At my table we get through 2-3 encounters per session, and the average difficulty is hard. In the above example, it would take us about 2 sessions to get through an adventuring day (hard difficulty for level 10 PC is 1,900 adjusted xp; 2.5 hard encounters per session). So this would mean the difference between leveling after 5 sessions vs. 10 sessions. Now, not every encounter has an xp multiplier of 2. Some have more, and several have less. So real numbers would be a bit different.

Interestingly for me, the 5e level progression is presumably slower than in 3e (although that is an assumption on my part). I started our Age of Worms conversion using encounter xp. I realized that we would not hit level 5 before the end of chapter 2. So to keep the party at the expected level progression, I switched to milestones. Ironically, we level up roughly once every four sessions, which is a bit faster than if we were using encounter xp.
 

The best reason I can find for encounter award xp not being the adjusted xp used to determine encounter difficulty comes down to the speed of leveling.
It's also just flat-out more work for the DM to calculate the adjusted XP for an encounter. If you're using listed XP, then the total XP is just the total for all monsters in the encounter.
 

For me, the concern is always about absolute XP gained, rather than rate. If you can get more XP out of this group of goblins by taking two hours to beat them instead of one, then that reduces the chance of everyone dying against the Big Bad later on.
But that has to be discounted against the likelihood of there being a "later on"!
 

It's also just flat-out more work for the DM to calculate the adjusted XP for an encounter. If you're using listed XP, then the total XP is just the total for all monsters in the encounter.

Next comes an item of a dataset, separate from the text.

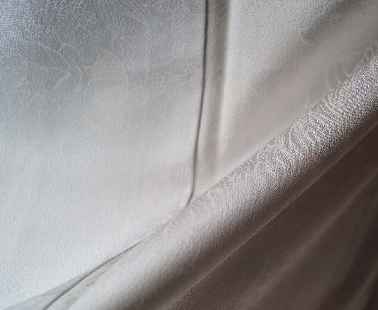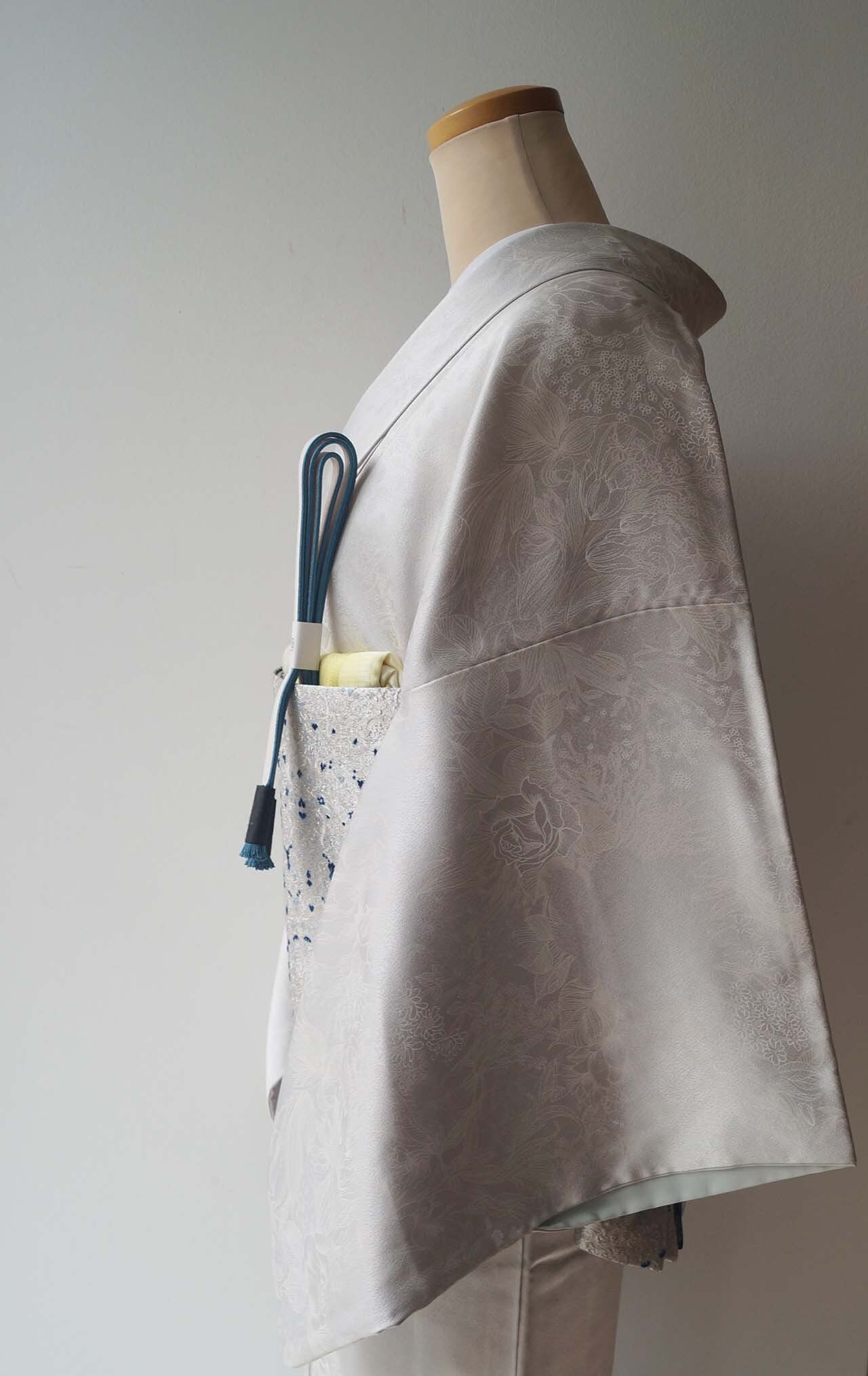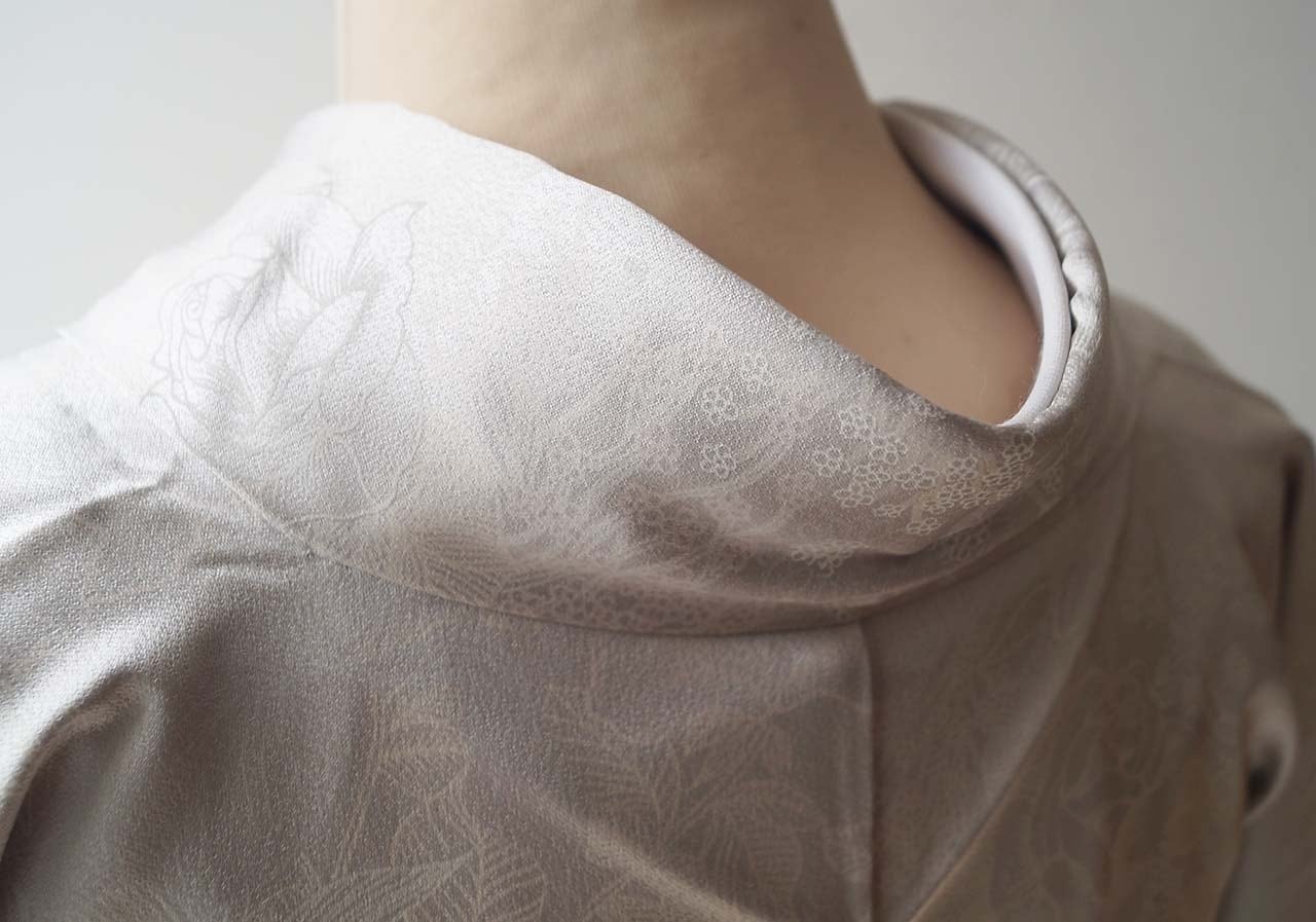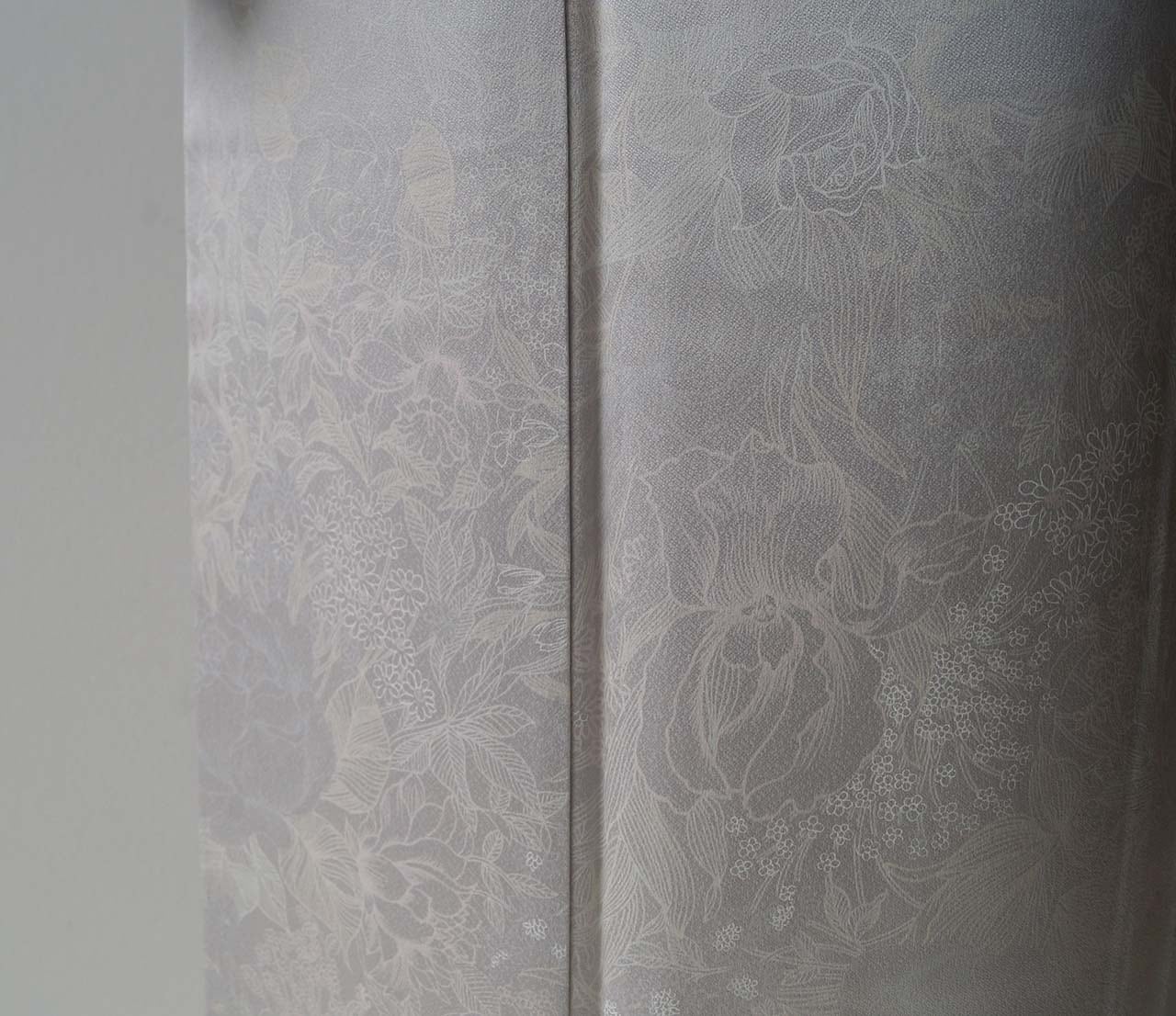 【袷】灰白色 薔薇に小花文 小紋 プチサイズ

Although some DMs will be calculating the adjusted xp already to gauge the difficulty of the encounter. For me it makes no difference as the spreadsheet spits out the encounter difficulty.
 


Although some DMs will be calculating the adjusted xp already to gauge the difficulty of the encounter. For me it makes no difference as the spreadsheet spits out the encounter difficulty.
Spread... sheet? I guess I don't really see why the DM would want to gauge the difficulty of an encounter. I suppose if you were tailoring the encounters to fit the party, or something.

For the most part, though, six ogres are six ogres regardless of whether that's an easy encounter or a deadly one.
 

Fair enough. I was working from the assumption that the Big Bad was the most-likely cause of a game-ending TPK. I wouldn't suggest chaining encounters if it seemed like it was more than the party could handle.
What I meant was "later on" in the real world. Deferring something exciting to next session so as to farm XP now looks like a time waste to me. Give me the action now!
 

Funnily enough depending on your party (spellcaster heavy) chaining encounters can be easier for them, since they don't have to rebuff/arm up in between encounters. Thus it can save them resources.

Other parties however who rely on short rest mechanics might not enjoy it as much.